## Dataset extract
□ □ □ □

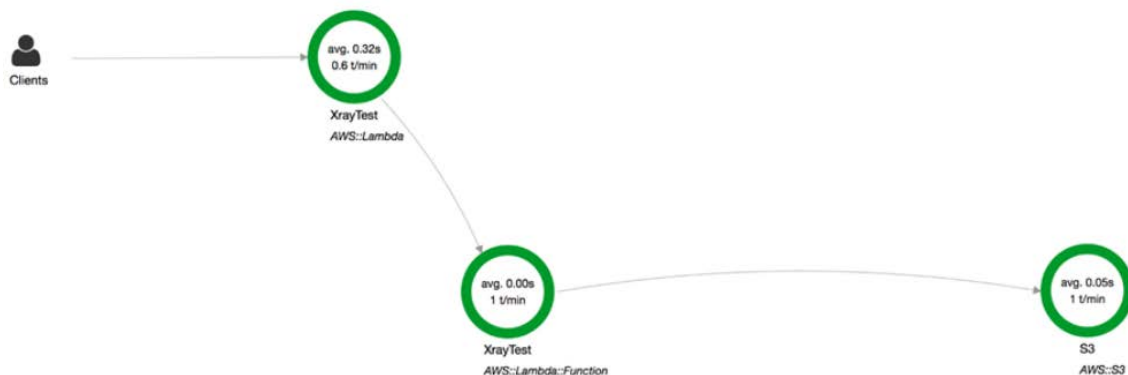
Figure 5: A service map visualized by AWS X-Ray

To get visibility into the various components of your application architecture, which could include one or more Lambda functions, we recommend that you use AWS X-Ray . 54 X-Ray lets you trace the full lifecycle of an application request through each of its component parts, showing the latency and other metrics of each component separately, as shown in the following figure.
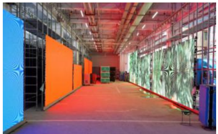
Outdoor Aging Test Workshop

□ □ □ □

## Exercise instructions
Exactly the lines from the one containing "To get visibility" through the end of the data above: repeat those, both ends included, and nothing else. Skip the pictures.

## Finished exercise
To get visibility into the various components of your application architecture, which could include one or more Lambda functions, we recommend that you use AWS X-Ray . 54 X-Ray lets you trace the full lifecycle of an application request through each of its component parts, showing the latency and other metrics of each component separately, as shown in the following figure.
Outdoor Aging Test Workshop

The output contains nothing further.